Добавить в цитаты Настройки чтения

Страница 16 из 102

— Понимаю.

— Смотри же, ничего не забудь.

— Будьте спокойны.

— А теперь отправляйся в путь. Да хранит тебя Господь. Ступай.

— Я исполню все, что вы мне велели. Я пойду, буду говорить, буду повиноваться, буду приказывать.

— Отлично!

— И если я успешно исполню возложенное на меня поручение…

— Тогда я сделаю тебя кавалером ордена Святого Людовика.

— Как моего брата. А если не исполню, то вы велите меня расстрелять?

— Да, точно так же, как и твоего брата.

— Понимаю, ваше сиятельство.

Старик наклонил голову и, казалось, впал в глубокую задумчивость. Когда он снова поднял глаза, он был один, Гальмало виднелся лишь в виде черной точки на краю горизонта.

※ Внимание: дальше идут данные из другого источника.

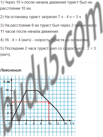 1) На каком расстоянии от дома был турист через 10 ч после начала движения?
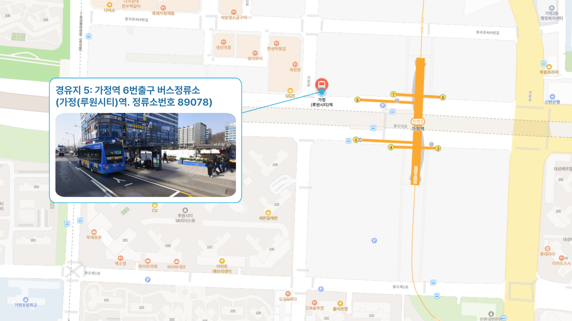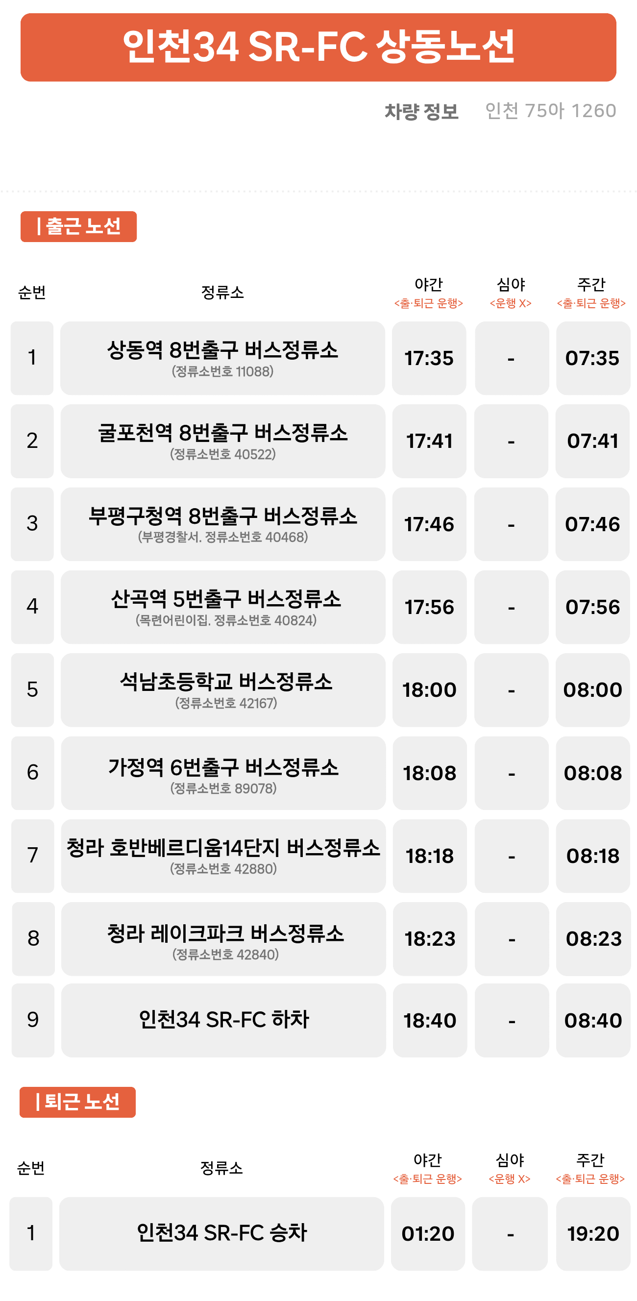 상동역 ↔ 굴포천역 ↔ 부평구청역 ↔ 산곡역 ↔ 석남초등학교 ↔ 가정역 ↔ 청라 호반베르디움14단지 ↔ 청라 레이크파크 ↔ 인천34 SR-FC
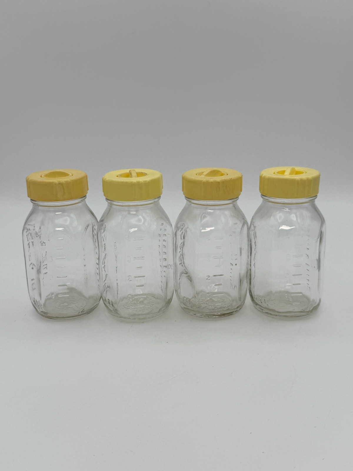 Lot of 4 Vintage 4 oz Evenflo Baby Bottles with Tops No Nipples USA
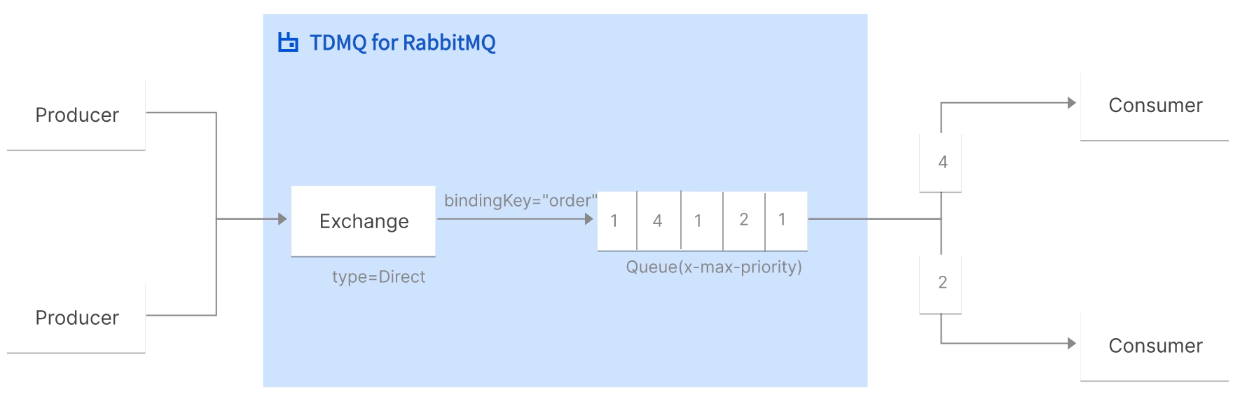 When messages are consumed, if the importance of them varies, and higher-priority messages are desired to be consumed preferentially, the priority queue feature of TDMQ for RabbitMQ can be used in this case to ensure that messages with higher priority are consumed first.

Солнце только что село. Чайки и другие морские птицы возвращались в свои гнезда. В природе ощущалась та смутная тревога, которая предшествует наступлению ночи. Лягушки квакали, кулики, посвистывая, вылетали из болот, жаворонки, грачи, жужелицы суетливо носились туда и сюда; перекликались прибрежные птицы. Ни один звук не выдавал присутствия человека. Всюду царило глубокое молчание. В заливе не было видно ни одного паруса, в поле — ни одного крестьянина. Повсюду, куда только хватало глаз, была мертвая пустыня. Росший в песке чертополох дрожал от ночного ветра. На морской берег падал сверху бледный свет сумерек. Вдали, в темной равнине, сверкала слабым блеском вода озер, напоминая собою как бы большие оловянные листы, разложенные по земле. С моря дул ветер.

Книга четвертая

ТЕЛЬМАРК

I. Вершина дюны

Старик постоял на месте, пока Гальмало не скрылся из виду, потом укутался плотнее в свой плащ и пошел медленными шагами, с задумчивым видом. Он двинулся по направлению к Гюину, между тем как Гальмало шел к Бовуару.

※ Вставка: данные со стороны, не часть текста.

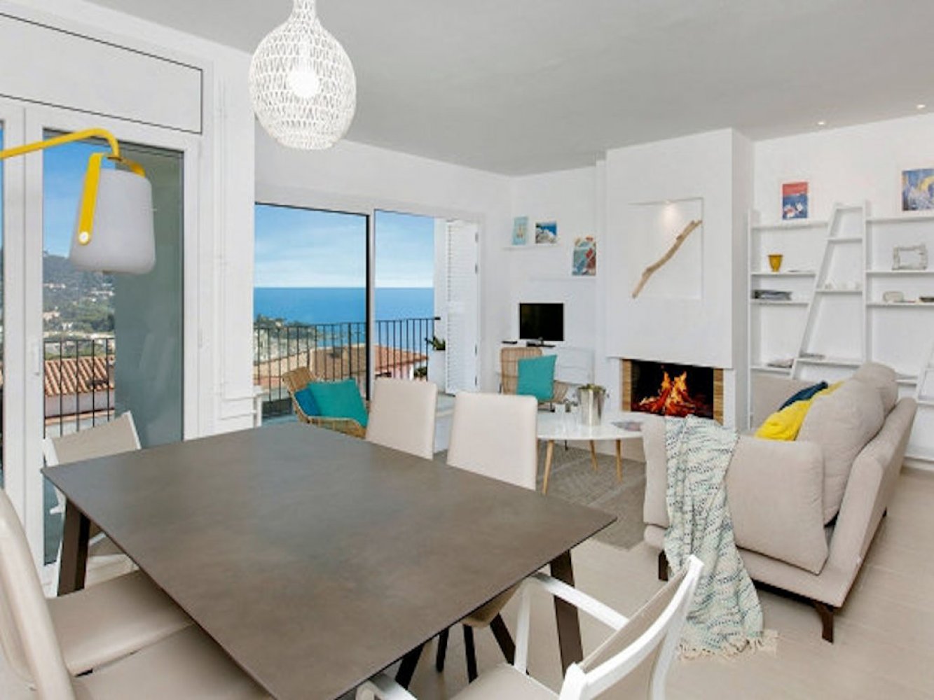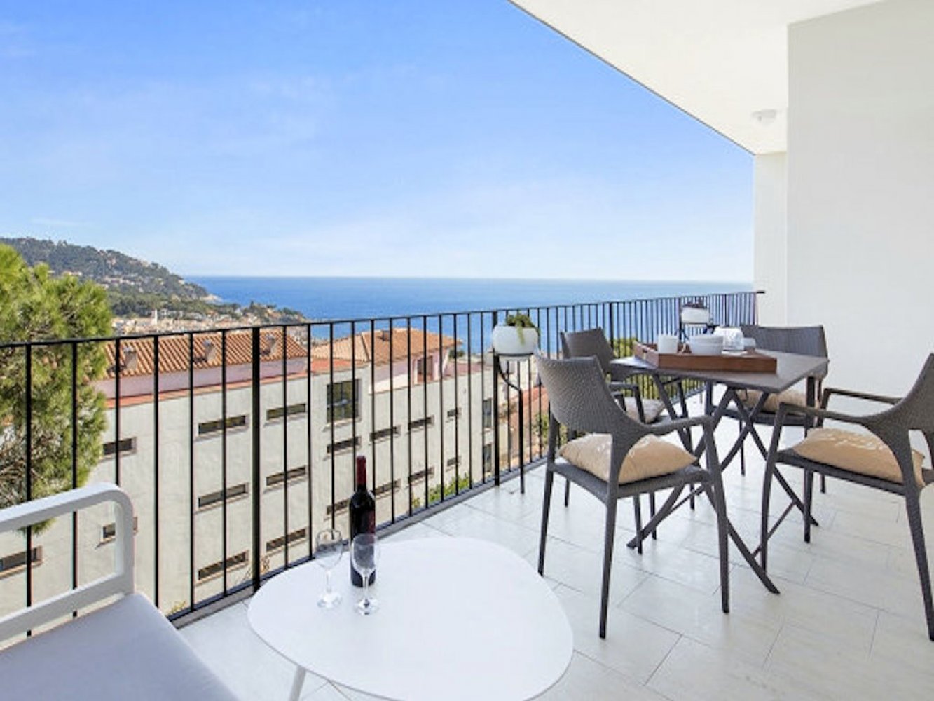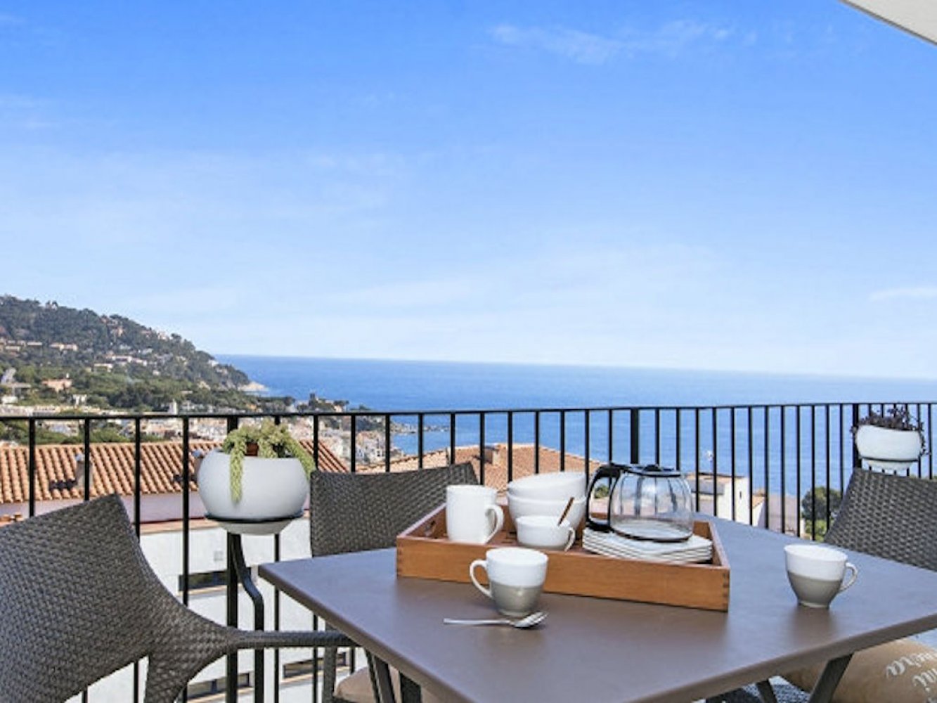 Exklusives Appartement in Calella de Palafrugell an der Costa Brava mit atemberaubendem Panoramablick auf das Mittelmeer. Die Ferienwohnung befindet sich nur 700 Meter vom Sandstrand entfernt und bietet Zugang zu einer gepflegten mediterranen Ferienanlage mit Tennisplätzen, Liegewiese, Außenduschen und großem Swimmingpool.
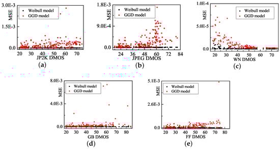 We also develop a Weibull model that fits five representative distortion types in the LIVE database: JP2K compression (JP2K), JPEG compression (JPEG), white noise (WN), Gaussian blur (GB), and fast-fading (FF) channel distortions []. Figure 5 presents the MSE comparison of two models for each distortion type images. Table 1 lists the average MSE of each distortion type. The fitting error of the Weibull model is obviously smaller than that of the GGD model. Therefore, the Weibull model is employed to evaluating the image quality in this paper.

Позади него возвышалась, в виде громадного треугольника, гора Сен-Мишель, с вершиной, похожей на митру, с укреплениями, похожими на латы, с двумя большими башнями — одной круглой, другой четырехугольной, как бы помогавшими горе нести на себе двойную тяжесть церкви и селения. Своего рода пирамида Хеопса в океане.

Сыпучий песок бухты близ Сен-Мишельской горы постоянно изменяет профиль дюн. В те времена между Гюином и Ардвоном была очень высокая дюна, ныне почти полностью исчезнувшая. Дюна эта, уничтоженная с течением времени ветрами, была очень древней. На ее гребне стоял столб, водруженный здесь в двенадцатом столетии, как памятник о собравшемся в Авранше соборе{61} по поводу убиения святого Фомы Кентерберийского{62}. С вершины этой дюны был великолепный обзор, что позволяло легко ориентироваться.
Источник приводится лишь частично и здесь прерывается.